Sunday, 21 February 2010

My Mum and Cancer

I have recently signed up to do a charity trek in aid of Breakthrough Breast Cancer and thought I would share my cancer experience with you. This won't be easy as when my mum was dying, 16 years ago, from lung cancer she asked us not to remember her like that but remember the happy times. For 16 years I have been blocking out memories but now feel it is time to share.



When my family are ill we make sure we are really ill! Not just a chest infection for my son but life threatening pneumonia. Not just a headache for my sister but 48 hours on a life support machine with meningitis. ( We were told first 24 hours would determine if she lived or not and second 24 hrs would determine how much damage there was. She was lucky and survived unscathed)

It was my mum however who had the biggest battles and unfortunately didn't survive the last. Her first fight was with breast cancer back in 1987. I remember her calling me into her bedroom one morning and asking me to look at her boob. She had a bit of a sense of humour like mine and I was waiting for some kind of joke but there wasn't one. I looked and she seemed to have a dimple where skin was being pulled in. She said she could feel something and would I feel. I couldn't feel anything but that might have been because I really didn't want to be examining my mum's boob.

She phoned the doctor's surgery and was asked if it was urgent so she told them she thought she had a lump. The doctor was very good and saw her very quickly. At the time she was covered by private health care so was sent to St Antony's private hospital. My uncle was, at the time, one of the top eye surgeons in the country and pulled some strings to get her seen by somebody he considered to be very good in that field. Results came back from the biopsy to say it was a malignant tumour and needed to be removed.

She went into hospital soon after that and had the lump removed. I remember her laughing when telling us about at a conversation with the consultant. He had said he was very relieved that he had only had to remove the lump as there wasn't enough silicon in the country to replace a boob her size! Apparently my dad had been in the room and had looked like he was going to hit the man, which would have been very out of character. It made my mum laugh and that was all that mattered.

After the surgery she did need follow up treatment. I don't remember if it was chemo or radio therapy. I know lymph glands were checked and I know she had treatment but my memory is foggy on the details. She used to say that she visualised the cancer cells and visualised little men with pick axes bashing away at it to remove. She had her own team of miners removing her cancer. I don't know if her positive thinking and visualisations helped destroy the cancer but it helped her stay strong mentally.

At the time we were due to be going on a family holiday to Florida. My then boyfriend, now husband, was meeting us there as that's where the navy was taking him. I remember mum being worried about a bikini or a swimsuit as she wasn't sure if she was lop sided. I didn't notice if she was. She was given the all clear just before we went away. That made the holiday even more special but the effects of her treatment did show on the holiday. We went to Wet and Wild and instead of being the first on the water slides mum just watched. She spent most of the time on the lazy river as she didn't have to do anything for that. She was sore under her arm and on side where she had had treatment.

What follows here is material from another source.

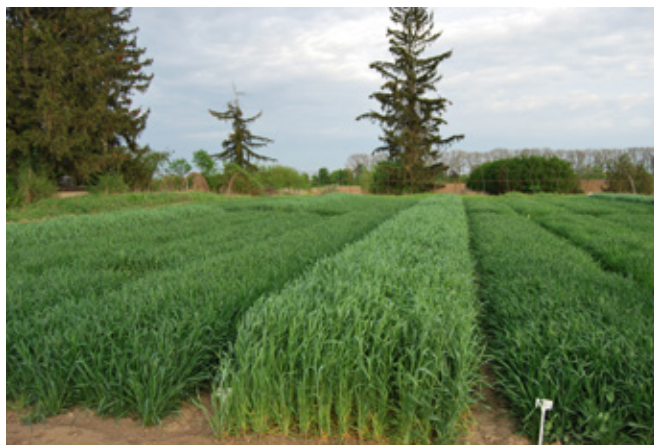
Az első rozsz és tritikálé kísérlet 2016. tavaszán Iregszemcsén a Kaposvári Egyetem Takarmánytermesztési Kutató Intézetében, a Kruppa Mag Kft., és az ÁT Kft. együttműködésével

A rozsszilázssal kapcsolatban azonban voltak kritikus vélemények is, amit nem szabad figyelmen kívül hagyni. Az egyik a rendkívül szűk betakarítási ablak (3-5 nap), az egyfunkciós jelleg (ha elkéstünk, lekéstük) és a kora tavaszi hűvös időjárás miatt vizesen (sokszor) földesen betakarított anyag vajsavas erjedése. Ezért olyan növény irányába fordultunk, melynek a betakarítási ablaka szélesebb, 7-10 nappal később érik és 'többfunkciós'. Ez volt a tritikálé 'nagy pillanata'.

After that life returned pretty much to normal. The consultant put her on some tablets that they believed would prevent it ever coming back. She had to go for regular check ups but the timing between these grew longer as the years went by. She was a 5 year survivor of breast cancer and we were delighted.

We had been lulled into a false sense of security though. In January 1993 Mum and Dad went on holiday to Kenya. Whilst out there she did some snorkeling. She had first tried it on our Florida holiday and really enjoyed. This time, howeve, she found it really difficult. Breathing wasn't easy. She went to the doctor when she got back. It was then that the lump in her lungs was found. By then I was married and living away. I can't remember when or how she told me. I considered moving home for a bit whilst she was treated but I had a job and a husband and a life to live of my own.
During the summer we went to visit and I announced that I was pregnant with my first child. I thought my mum would be ecstatic but she wasn't as enthusiastic as I thought. She told me she had always wanted to be at the birth of my child as she hadn't been there when any of her 3 children were born. I know technically she was there but all 3 of us were born by c section and back then mums were knocked out first. I told mum she could be my birthing partner as my husband wasn't so keen. I had it in my head that would be the case.

Mum was treated at the Royal Marsden in Sutton. The treatment was harsh and she was in and out of hospital. I wasn't there a lot of the time but visited at weekends. Mum started knitting again too. We talked about baby names and baby care whilst she was in hospital. We went to the library together one day and she was struggling with her breathing. People kept staring because of the noise. I could see the upset in her eyes. We had to go shopping for a hat one weekend too for my sister's wedding. The lady in the shop made a comment that mum had a nasty cold. I remember her snapping at the lady that it wasn't a cold, it was cancer. The poor woman looked horrified. I don't think mum meant to be mean but it was really hurting her by then. I remember her saying that cancer is a word not a sentence. We clung to that saying. We had to believe that there was a light at the end of the tunnel.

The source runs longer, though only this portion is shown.